You are the soothsayer in question, a hermitic fortune teller who spends their days taking questions from a string of anthropomorphic animal visitors, and attempting to find answers using magical means. At first, these visits seem unrelated. Over time though, it becomes clear that your patrons belong to a nearby tribe in the midst of rising conflict. Each wants your advice for different decisions both minor and major. You will help villagers decide the fate of their own lives and the village as a whole.
What sets Grotto apart from other narrative driven games, though, is how murky the decision-making process is. Each session concludes with a patron asking you to present them a constellation—which you view through a hole in the cave roof and store for later as paintings on a wall—that will, in some way, speak to their condition. Present the scorpion constellation, for example, and it might communicate that they should sting their friends in the back. On the other hand, it might indicate that someone they trust is going to betray them. And that’s just one of many constellations which can all be interpreted in multiple different ways. Like I said, murky.
First-person advice giver
It’s interesting to describe the game this way from the vantage point of having completed it because while playing Grotto, it often feels overly simplistic and repetitive. But that’s because most of its mechanical depth is hidden beneath the incredibly stylised Darkest Dungeon-esque surface. As you play, the verbs at your disposal are simple. Wake up, walk to the next chamber where one of your patrons is waiting, talk to them, walk to the constellation wall and pick one, walk back to your patron, present the constellation, listen to their response. Repeat all those steps once more and it’s probably time to go to bed. Then, you do it all again.

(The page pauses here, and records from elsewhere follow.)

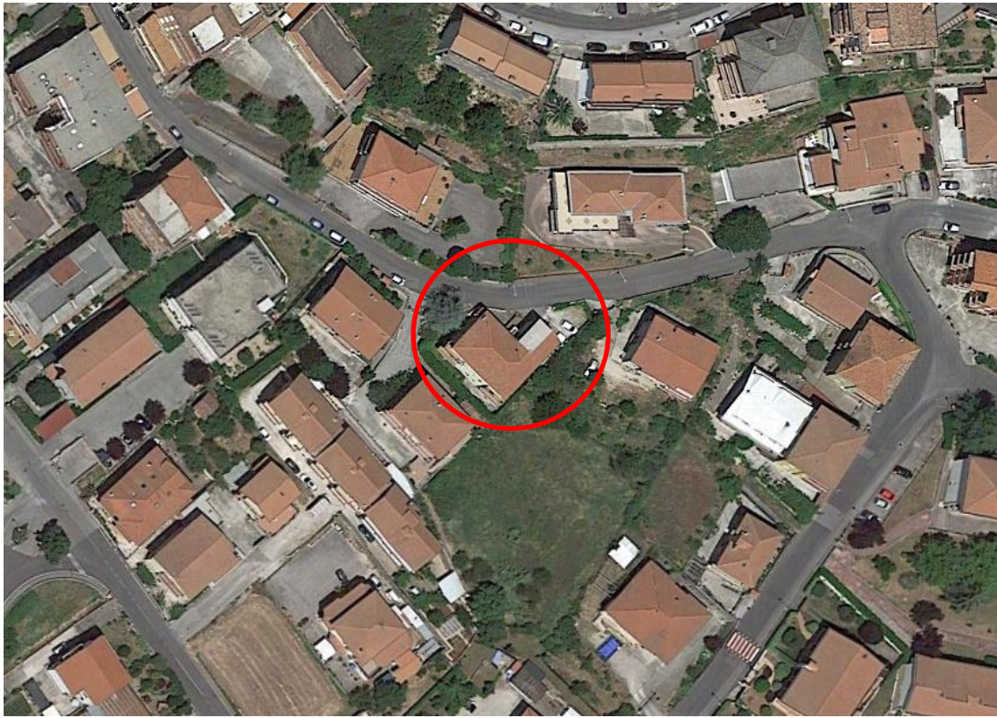
FOTO AEREA INDIVIDUAZIONE DEI BENI OGGETTO DI PIGNORAMENTO LOTTO UNICO: Comune di Fiuggi - Fg. 39, part. 341, sub. 2
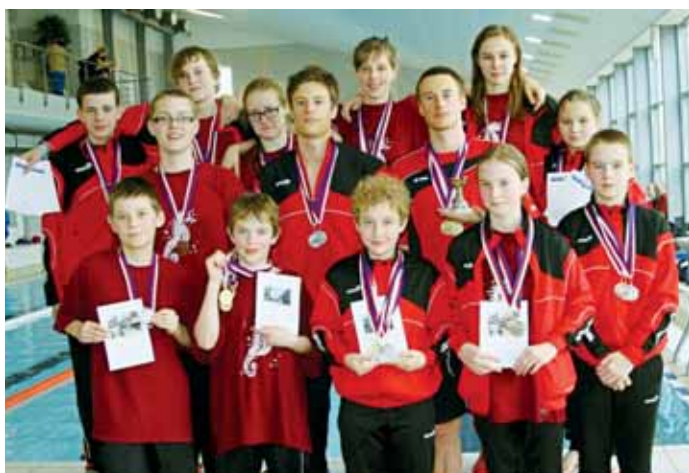
Skvělá práce s mládeží. Závodníci ASK Blansko sbírají medaile na plaveckých závodech po celé republice.
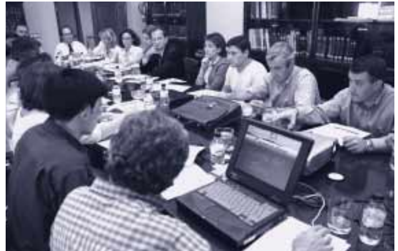
La CIEP 2 recibió a los impulsores del Corredor Verde del Ebro

La proyección exterior de Zaragoza y su entorno, acción prioritaria de esta CIEP para este año, fue otro de los asuntos abordados. Los responsables de las tres administraciones con competencias en materia de turismo y promoción exterior (DGA, DPZ y Ayuntamiento de Zaragoza) expusieron en la sede de EBRÓPOLIS los problemas de infraestructuras con los que se
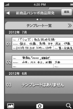
テンプレートシート上の項目のみの表示も可能
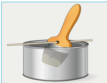
Löcher im Pinselstiel

Zum Wegfegen des Staubes nach dem Schleifen ist ein weicher, langhaariger Handfeger gut geeignet, zum Schrubben von glatten Oberflächen erweist eine Wurzelbürste hervorragende Dienste. Zum Putzen von Metallteilen benutzen wir Drahtbürsten. Zur Vermeidung von Flugrost sollten wir für Edelstahlteile allerdings nur Drahtbürsten aus Edelstahldraht verwenden und diese gleiche Bürste niemals für Normalstahl einsetzen.
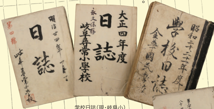
学校日誌(現・岐阜小) 明治～昭和時代 岐阜市歴史博物館蔵
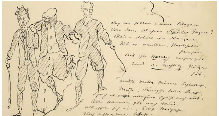
Auszug aus dem Wendelstein Abstieg Silvester 1912 Gästebücher Schloss Neubeuern Bd. V. S. 141

Over time, the mechanics that I mentioned above get added to the mix. Before you select a constellation, you may want to seek the wisdom of the dead. But, functionally, these are a hint system—sometimes reliable, sometimes not—more than mechanics in their own right. So, that leaves picking constellations. You go to the wall. You look at the dozen-plus constellations. You read the mythopoetic descriptions that accompany them. You choose one and hope for the best. This is Grotto at its most complex and yet, it isn’t that complex.
What keeps the game engaging over the course of a playthrough is the depth of the storytelling on display, and how strangely removed you are from your interactions. I don’t think I’ve ever played a game where the consequences of my actions were entirely related to me secondhand.
But that’s the approach Grotto takes, and it’s fascinating to hear how villagers following your advice (or misinterpreting it) plays out. Though the process of playing it can occasionally drift into tedium, it’s worth working through the repetition to see the game to its eventual conclusion. In Grotto your choices matter. But they matter in the same way your choices matter in the real world: in ways you can’t see in the moment and may never see at all.